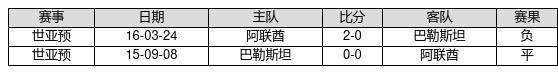 巴勒斯坦 VS 阿联酋两队近10年的交战次数为2场,巴勒斯坦0胜1平1负,赢球概率为0%,平局概率为50%,输球概率为50%。
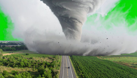 A lone car travels down a deserted highway, heading directly into the path of a colossal, swirling tornado. This dramatic scene illustrates danger and risk, with green screen elements for easy compositing in film or visual effects projects.
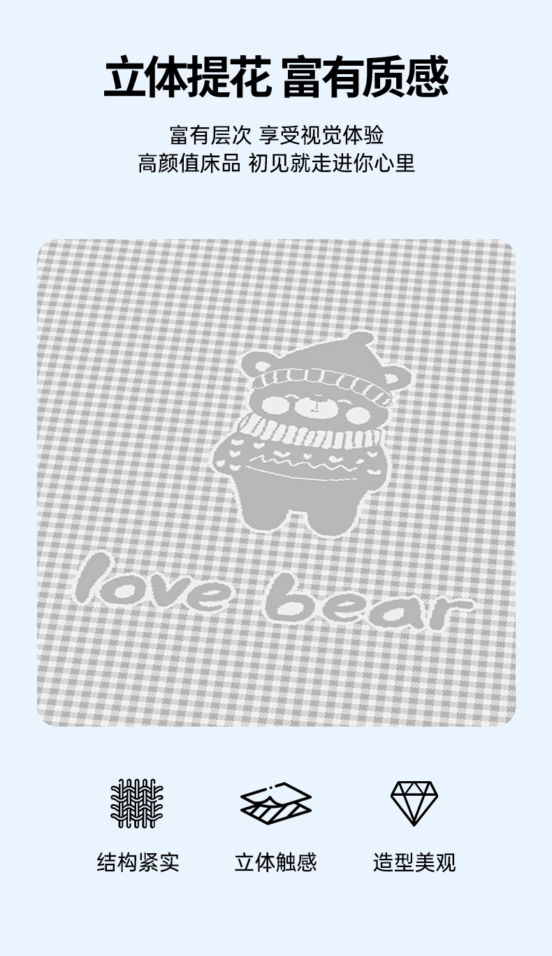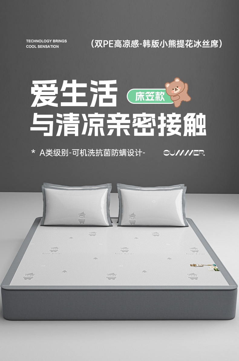 商品名称:小牛席业 2026新款【建模风格】双PE高凉感-韩版小熊提花冰丝席席子凉席-床笠款 香槟
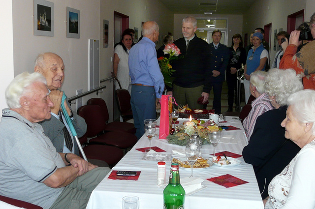 Příjemná atmosféra - obyvatelé Domova pro válečné veterány slavili narozeniny svého přítele a spolubojovníka společně
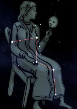 Casiopea fue muy buena conmigo, aunque un poco vanidosa tiene buen corazón, simplemente quiere mucho a su hija. Por eso la llevé hasta su constelación, esa que se reconoce por sus 5 estrellas en forma de M, y la dejé tranquilita.
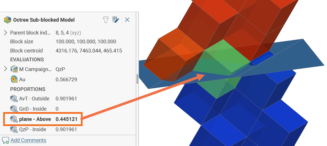 Each block will have a proportion calculated according to the ratio of each block relative to the Proportions of Block options for each surface. In the following example, a little less than half of the selected block is above the mesh called ‘plane’, and the exact proportion has been calculated as 0.445121. The same block has a proportion of 0.901961, or just over 90%, inside a mesh called ‘QzP’ (not shown).
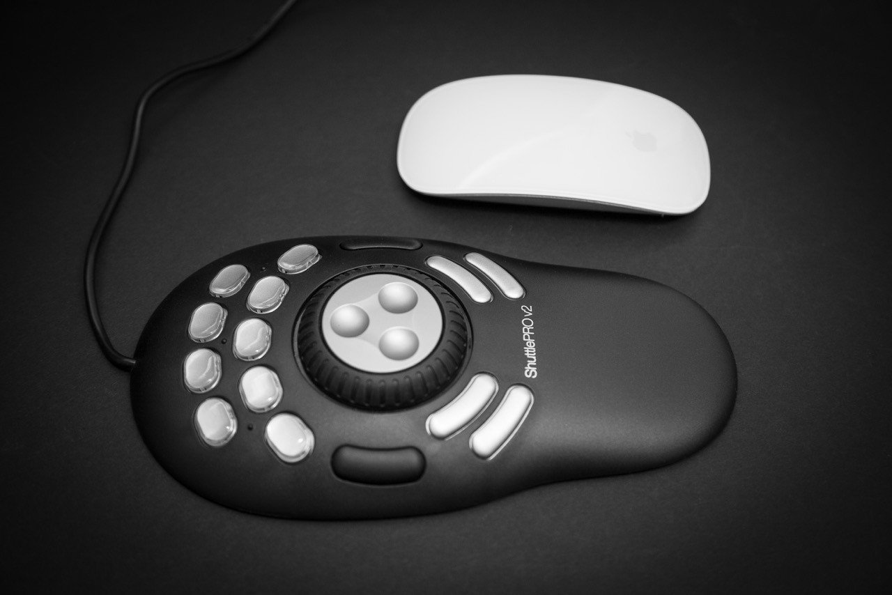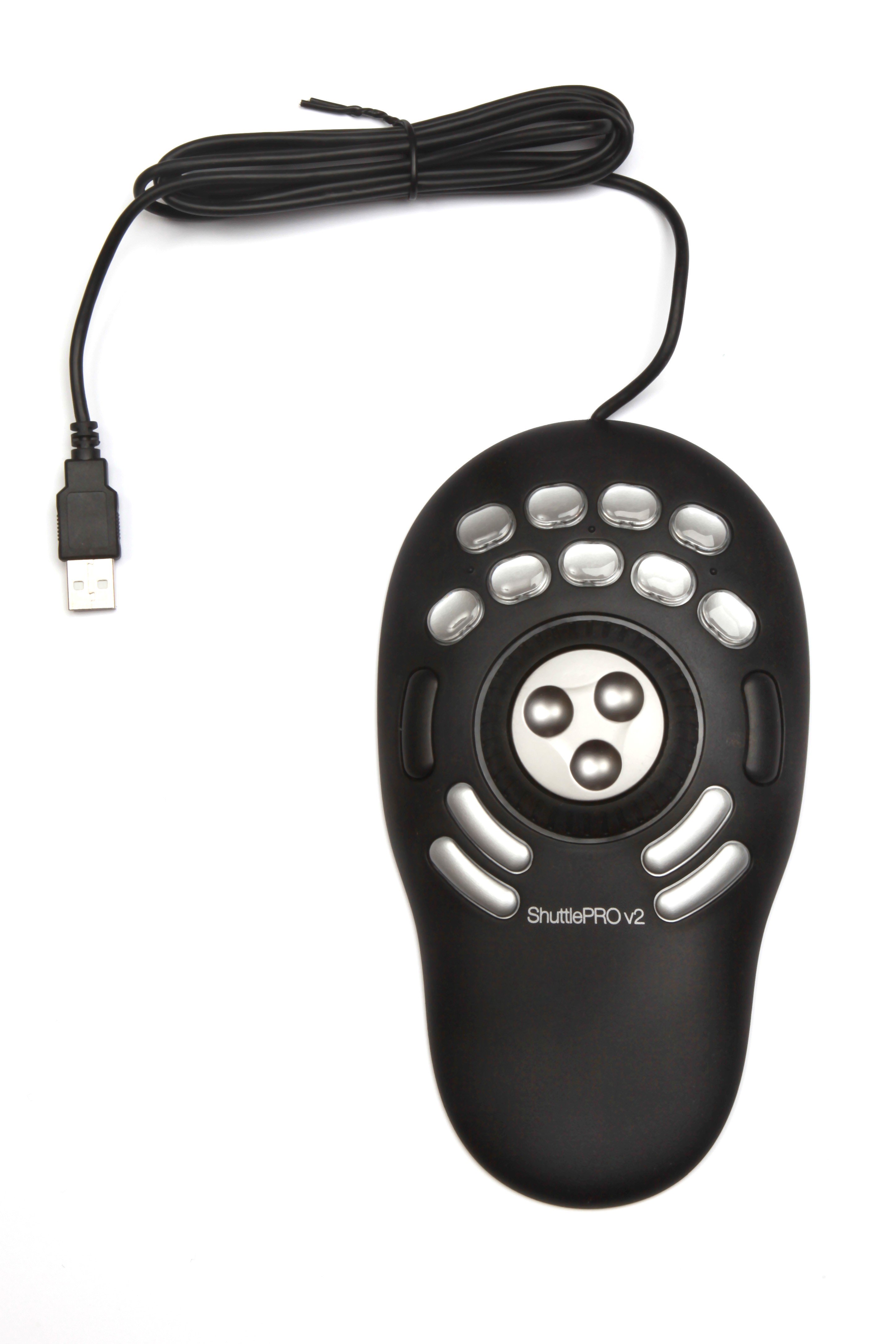 The Shuttle PRO V2 includes 15 programmable buttons (by software), a central jog dial rubber and a rotating wheel in the center. It installs and behaves like a USB mouse.
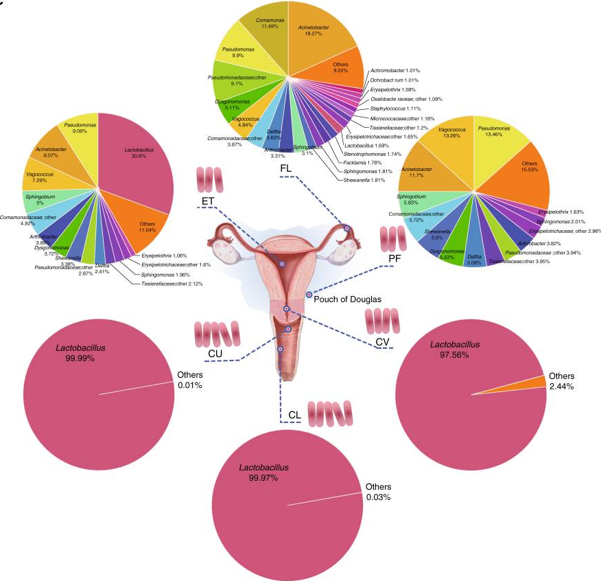 ある報告(Canha-Gouveia et al., Frontiers in Endocrinology, 2023)では、腟から子宮、卵管までの細菌叢を報告しており、腟内細菌叢においてはほぼ乳酸菌が占めており、子宮、卵管と上行するほど、乳酸菌の割合が減少し、細菌叢が多様化していくことを報告しています。

What you are asked to do:
Your answer should consist solely of the lines from the one holding "Příjemná atmosféra - obyvatelé" through the end of the listing, reproduced exactly and without pictures.

Result for this task:
 Příjemná atmosféra - obyvatelé Domova pro válečné veterány slavili narozeniny svého přítele a spolubojovníka společně
 Casiopea fue muy buena conmigo, aunque un poco vanidosa tiene buen corazón, simplemente quiere mucho a su hija. Por eso la llevé hasta su constelación, esa que se reconoce por sus 5 estrellas en forma de M, y la dejé tranquilita.
 Each block will have a proportion calculated according to the ratio of each block relative to the Proportions of Block options for each surface. In the following example, a little less than half of the selected block is above the mesh called ‘plane’, and the exact proportion has been calculated as 0.445121. The same block has a proportion of 0.901961, or just over 90%, inside a mesh called ‘QzP’ (not shown).
 The Shuttle PRO V2 includes 15 programmable buttons (by software), a central jog dial rubber and a rotating wheel in the center. It installs and behaves like a USB mouse.
 ある報告(Canha-Gouveia et al., Frontiers in Endocrinology, 2023)では、腟から子宮、卵管までの細菌叢を報告しており、腟内細菌叢においてはほぼ乳酸菌が占めており、子宮、卵管と上行するほど、乳酸菌の割合が減少し、細菌叢が多様化していくことを報告しています。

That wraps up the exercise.